日弁連の小林元治会長は7月27日の定例記者会見で、刑事手続のIT化について「日弁連も大きな期待を寄せている」と語った。法務省は2023年度内の法案提出を目指しており、今月29日に法制審の第一回会議が開かれる。

法制審では、証拠のデジタル開示やオンライン接見などが検討される予定。小林会長は、証拠のデジタル開示による謄写(コピー)コスト削減や接見の移動負担減、迅速な防御などが期待できると歓迎した。

謄写費用は、国選のときは基本的に国負担で法テラスによる一定の補填もあるが、私選だと依頼者負担となる。事件によっては数百万円かかることもあるとされる。

法制審では証人尋問などのオンライン化の程度についても検討される見込みだが、オンラインだと十分な尋問ができなかったり、裁判官の心証形成に影響したりする可能性も指摘されている。

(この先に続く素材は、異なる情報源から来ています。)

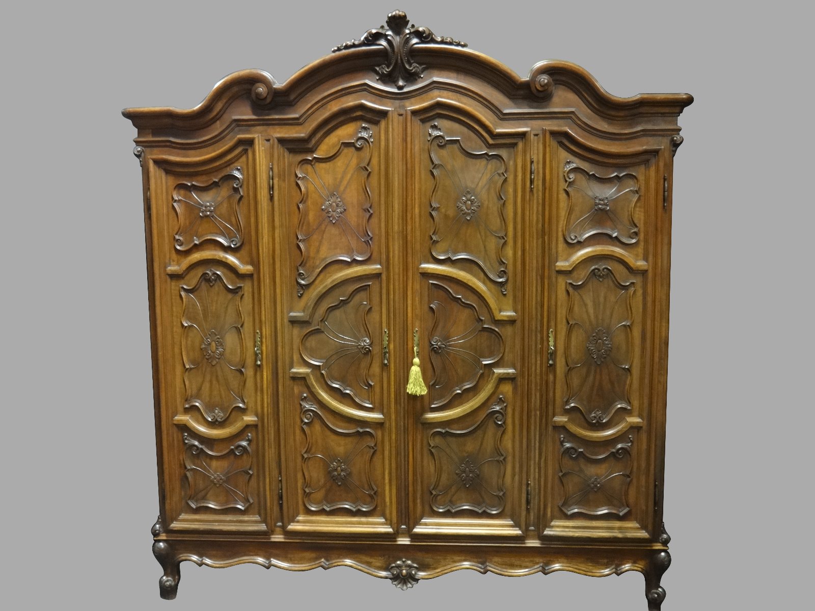 An outstanding four door French bombe shaped carved walnut wardrobe, with full width rail, in excellent condition. Flat packs for ease of maneuvering. Lovely bombe shaped panelled doors.

小林会長は、被疑者・被告人の権利の重要性を強調。オンライン化により、裁判の公開原則を損なうことなく、逆に刑事手続の透明性をより高めていく必要があると語った。

●取り調べ可視化などの見直しも

刑事訴訟法をめぐっては、冤罪を防ぐ方策を検討する法務省の「改正刑訴法に関する刑事手続の在り方協議会」も議論がスタートする。2019年6月に全面施行された改正刑訴法にある3年後の見直し規定に基づいたものだ。

小林会長は、取り調べの録音・録画を全事件・全過程に拡大することや再審法の改正などを検討していくことが大切だと話した。